Dogs Have Terrible Eyesight: See for Yourself
Red—green color blind and with awful, awful vision. Life for a dog is kind of a blurry mess
Sorry, C. M. Coolidge, but man’s best friend would probably really suck at poker. For one, dogs can’t see red. Two, their vision is so awful that they’d probably have trouble even making out the numbers.
See for yourself: WolframAlpha, every nerd’s favorite search engine, has a web app that lets you look at life through a dogs’ eyes.
Where people have three specialized receptors in our eyes to distinguish colors, dogs only have two: this leaves them red-green color blind (we think). Life’s Little Mysteries:
To see blue and yellow, dogs and humans alike rely on neurons inside the eye’s retina. These neurons are excited in response to yellow light detected in the cone cells (which are also inside the retina), but the neurons’ activity gets suppressed when blue light hits the cones. A dog’s brain interprets the excitation or suppression of these neurons as the sensation of yellow or blue, respectively. However, in dogs and color-blind individuals, red light and green light both have a neutral effect on the neurons. With no signal to interpret these colors, the dogs’ brains don’t perceive any color. Where you see red or green, they see shades of gray.

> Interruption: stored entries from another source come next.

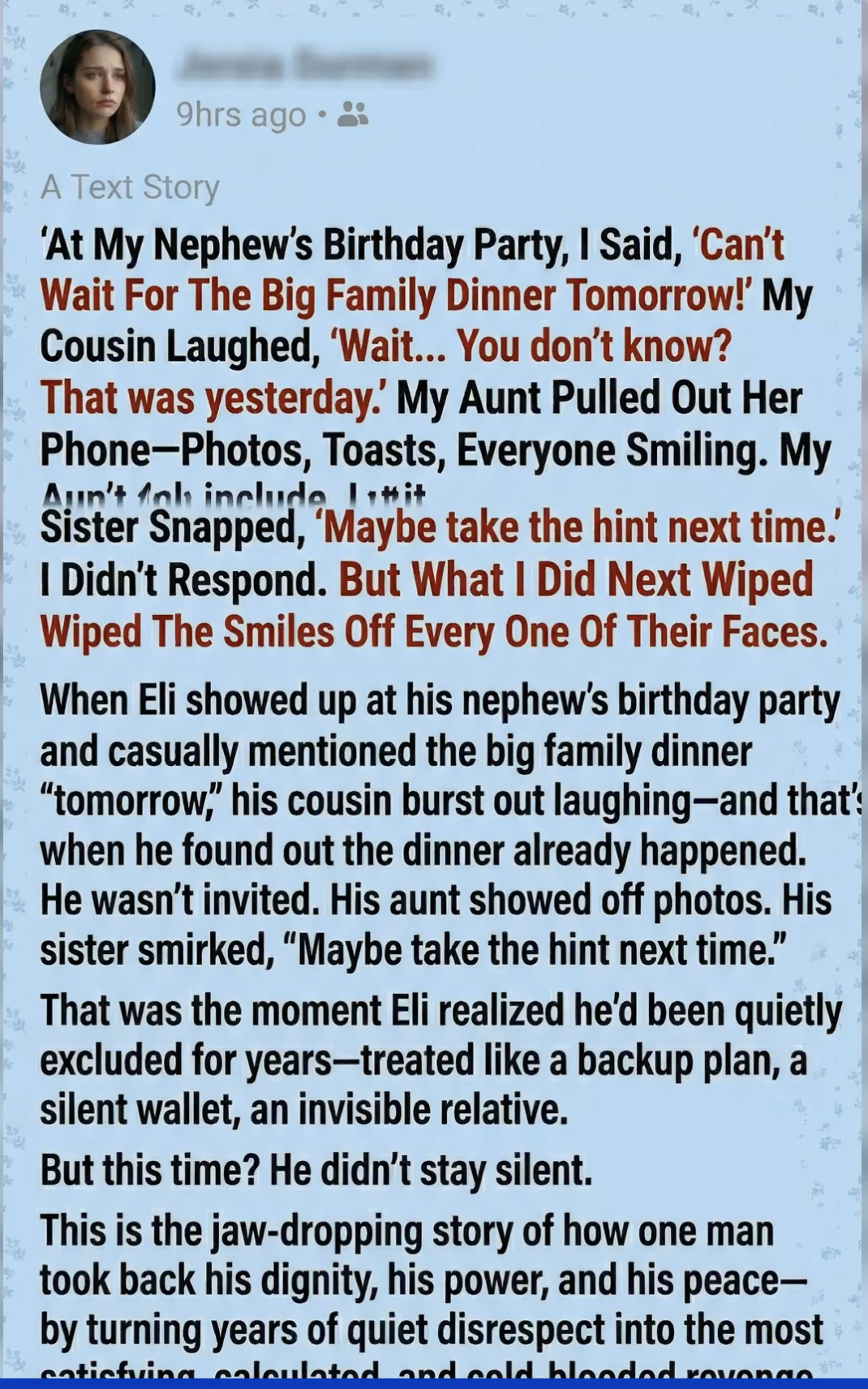 For years, Eli had been the “invisible relative.” He was the one they called when the car broke down, when the rent was short, or when a co-signer was needed. But when it came time for the champagne, he was a ghost.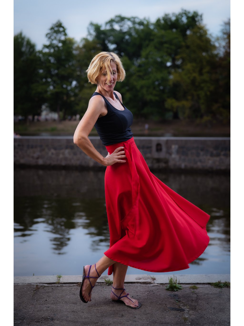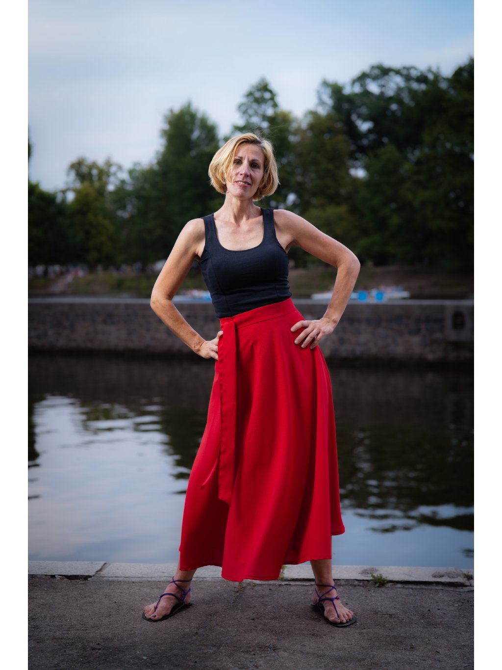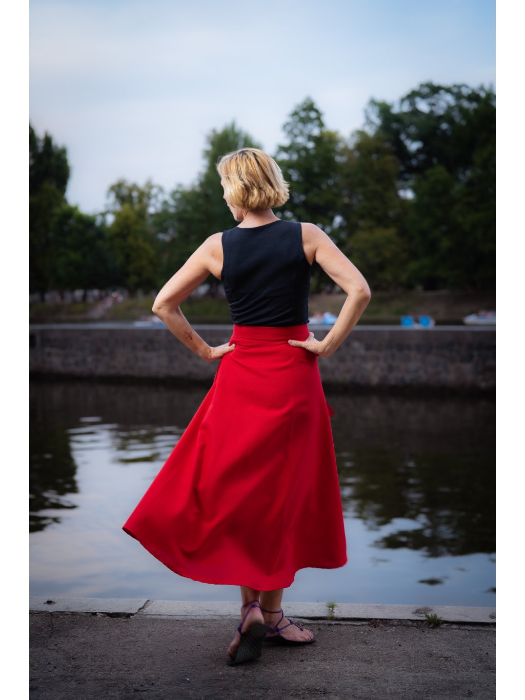 Zavinovací sukně půlkolového střihu v červené barvě.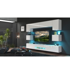 Ensemble meuble TV CONCEPT 1/HG/W/11-1B blanc brillant 256 cm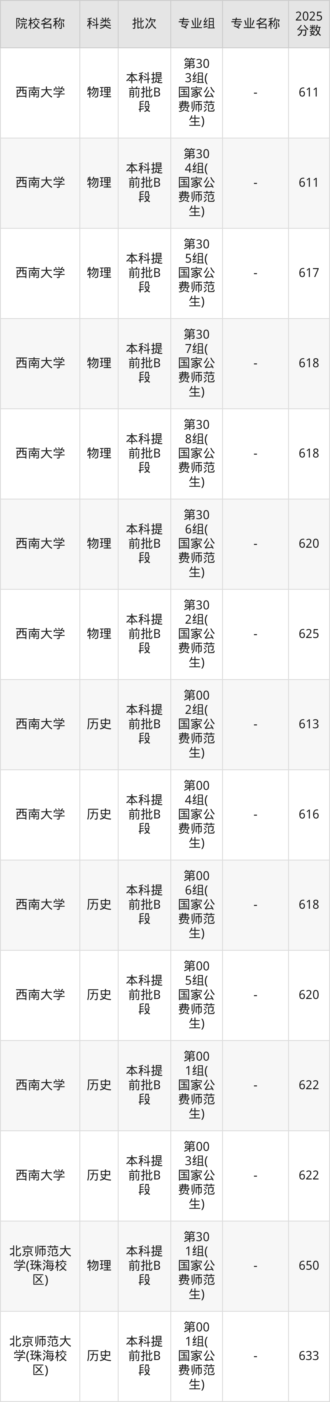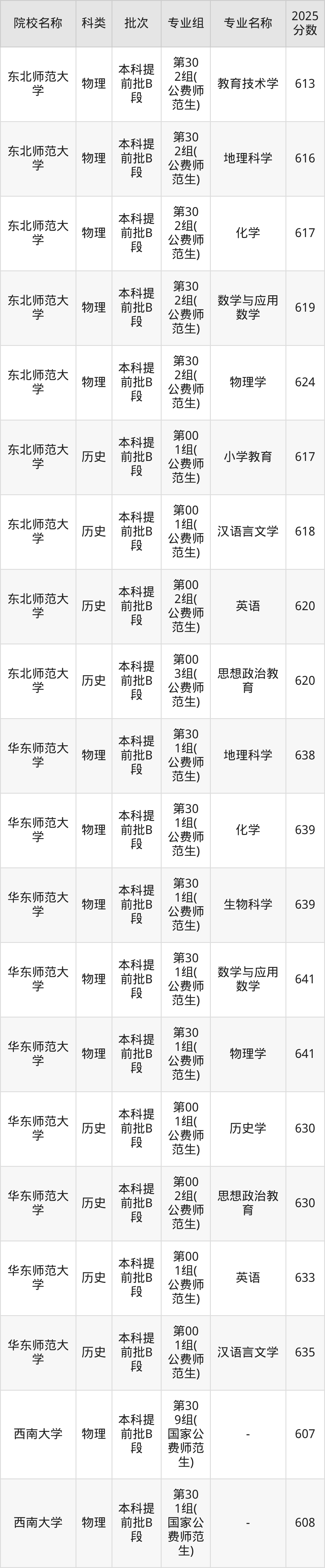 2025年在山西国家公费师范生录取分数线主要位于602分-636分之间,物理类最低分602分,对应最低分专业是第301组(公费师范生)的学前教育专业;历史类最低分603分,对应最低分专业是第001组(公费师范生)的特殊教育专业。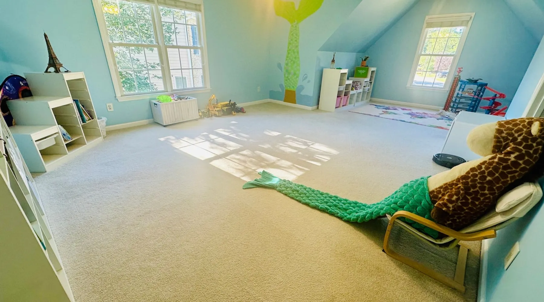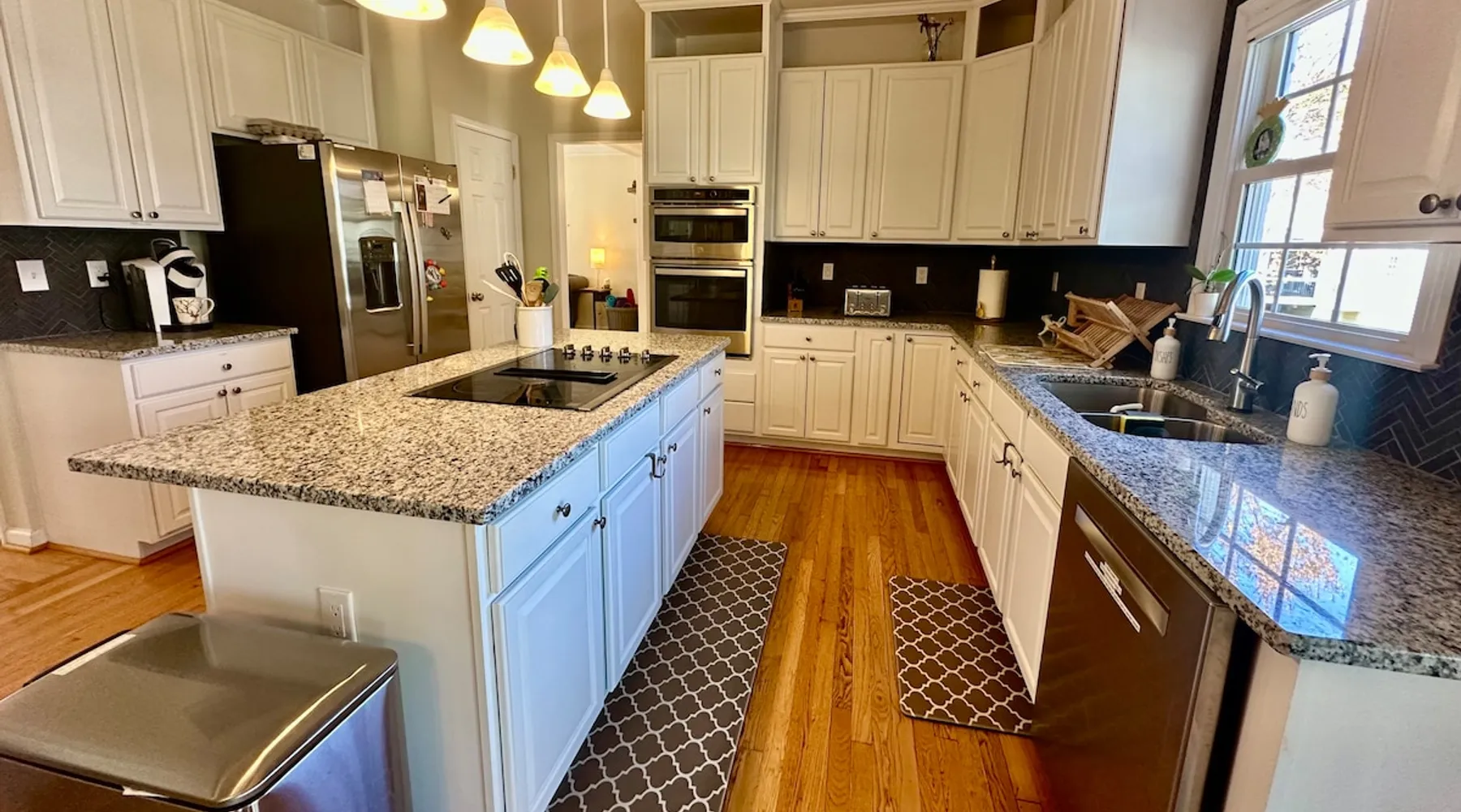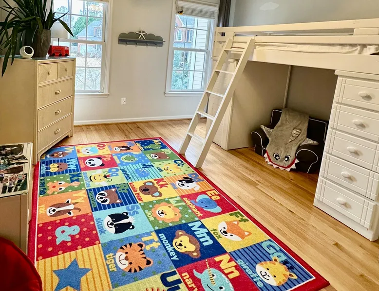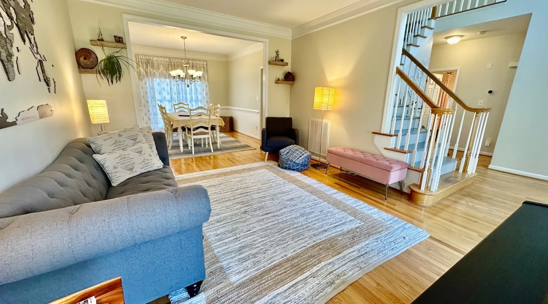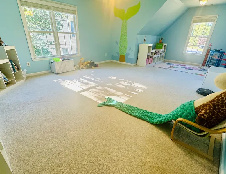 Our house is your house. Welcome to Durham! The house is near Southpoint mall, grocery stores, I40, 8 mins to RTP, ~13 mins to the airport, 17 mins to UNC hospitals, and 18 mins to Duke University. There are 4 bedrooms, 3 bathrooms, a playroom, a living room, front room, dining room, kitchen, sun room and a fenced yard. There are two small dog doors that lead into the fenced in back yard. Plus you have access to a neighborhood pool & playground. Beds for 7 + queen air mattress for 2= sleeps 9 Guest access You will have access to the entire house except for the garage, office, and a few closets - not pictured. Other things to note The house is well stocked as we live there a big chunk of the year. The house can sleep 9. That’s 7 in beds (king, queen, queen, twin) plus a queen blow-up. Pack and play also available upon request.

“A human would be missing the sensations of red and green,” Neitz told Life’s Little Mysteries . “But whether or not the dog’s sensations are missing red and green, or if their brains assign colors differently, is unclear.”
Aside from the color issue, dogs’ sight is pretty bad. Using a custom eye test for dogs, researchers have found that dogs basically have 20/75 vision compared to a person’s 20/20 vision, says Psychology Today.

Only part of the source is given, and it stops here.